Этого Лёня уже совсем не мог стерпеть.
— Нечего мне думать!— крикнул он. — И не вам учить — бездельник! Сами нигде не работаете, только книжки читаете!
— Я? — От волнения Елена Максимовна сняла и протёрла очки.
Лёне стало смешно, что он так напугал старуху, и он захохотал.
— Вы! Вы!
— Что здесь происходит? — раздался сзади голос.
На пороге стояла мать. Лёня, не ответив, прошмыгнул в комнату. А в кухне обиженно, взволнованно заговорила Елена Максимовна.
Лёня раскрыл учебник по истории, но заниматься не мог: глядя на страницу, он ждал мать. Она не замедлила явиться. Остановилась посередине комнаты, посмотрела на Лёню с грустью, потом тихо произнесла с такой горечью, будто обижена была не соседка, а она сама:
— Что же ты людей оскорбляешь?

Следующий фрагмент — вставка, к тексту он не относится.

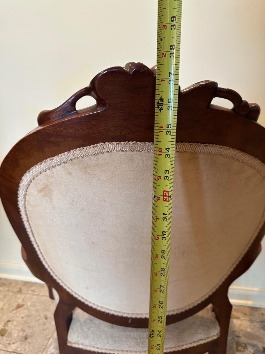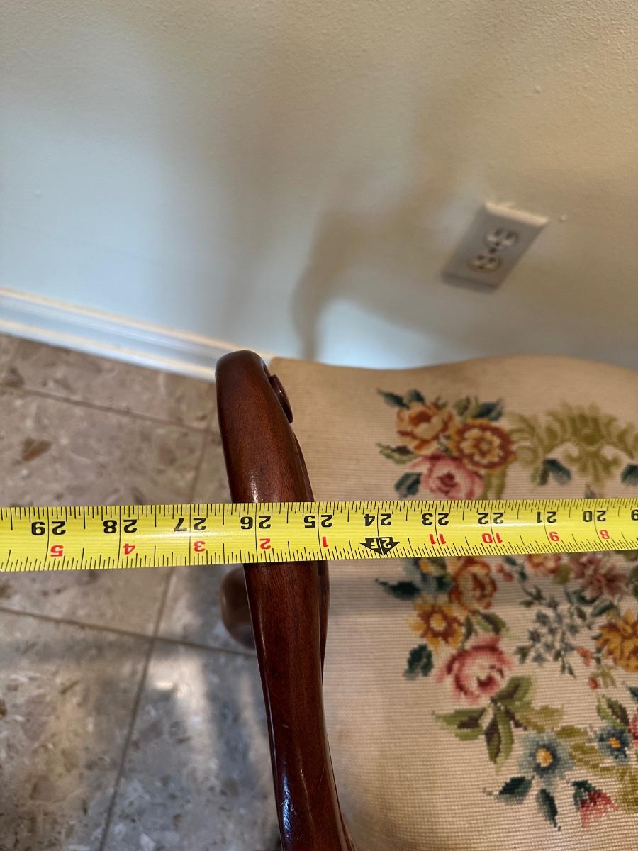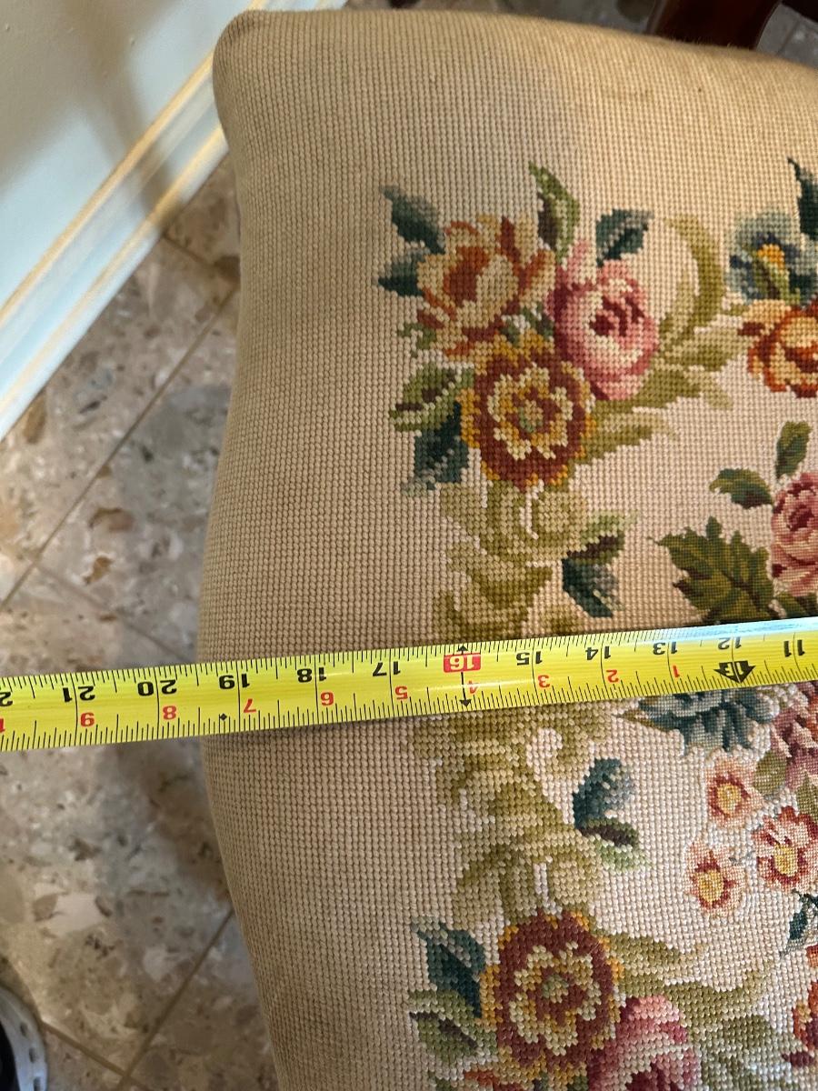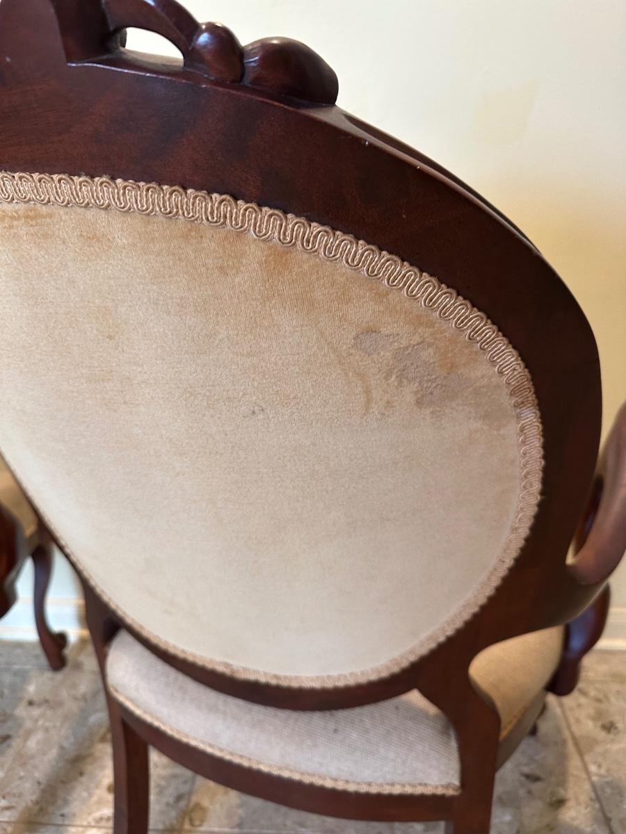 Pair of vintage carved wood armchairs with floral tapestry-style upholstery. Both show wear and staining to fabric, and one has a visible split at the arm joint (see photos). Sturdy overall with elegant carved frames.
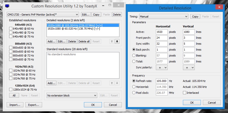 And yeah i can oc with the nVidia drivers about 2hz more too, but it lacks the support that games actually use the higher refresh rate and i don't want to use borderless everytime, with CRU refresh rates are used like i set i to.
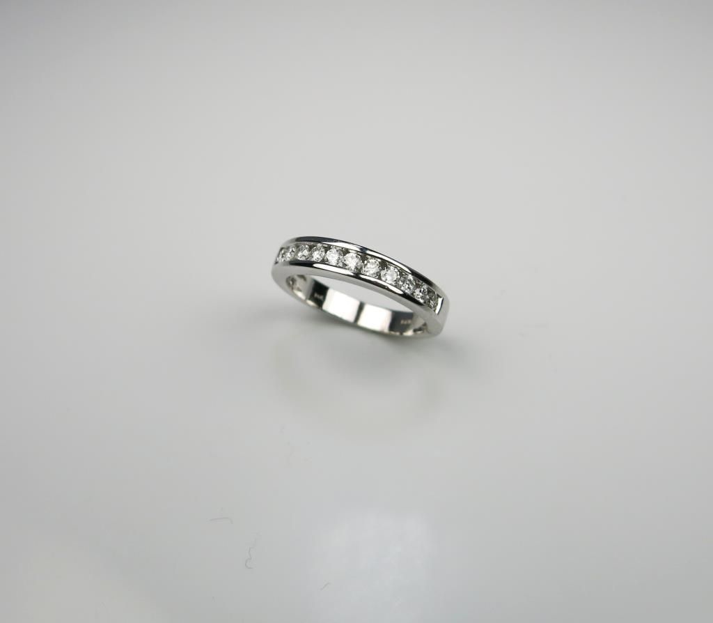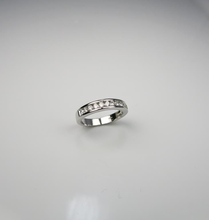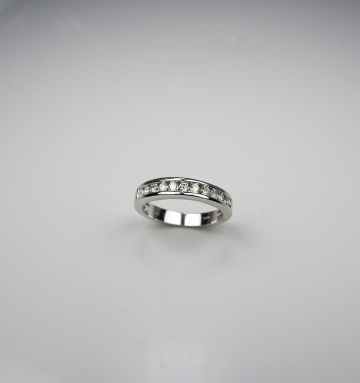 Vibrant Ladies Diamond Anniversary Band with 11 round brilliant cut channel set diamonds weighing approx. 0.60 carats with F-G color SI clarity set in 14 karat white gold. Retail $1,500-$2,000 Estimate $800-$1,200

Елена Максимовна сорок лет проработала! Пенсию от государства получает персональную, заслуженный она человек, а ты… непутёвый ты у меня, несуразный… Эх, Леонид!
Она опять ушла в кухню и долго не приходила, а Лёня сидел перед раскрытым учебником и припоминал события последних дней — в школе, со Стасом и дома. Ну, почему действительно всё складывается у него так плохо? Разве хочется ему, чтоб его вечно ругали? И разве хотел он обидеть соседку? Почему же всегда не везет именно ему, а у всех остальных, на кого ни посмотришь, жизнь вполне нормальная: и у Стаса, и у Шереметьева, и у этого Федьки.
Или и вправду он непутёвый и несуразный, как говорит мать?
Но что же сделать ему, чтоб стать другим, что?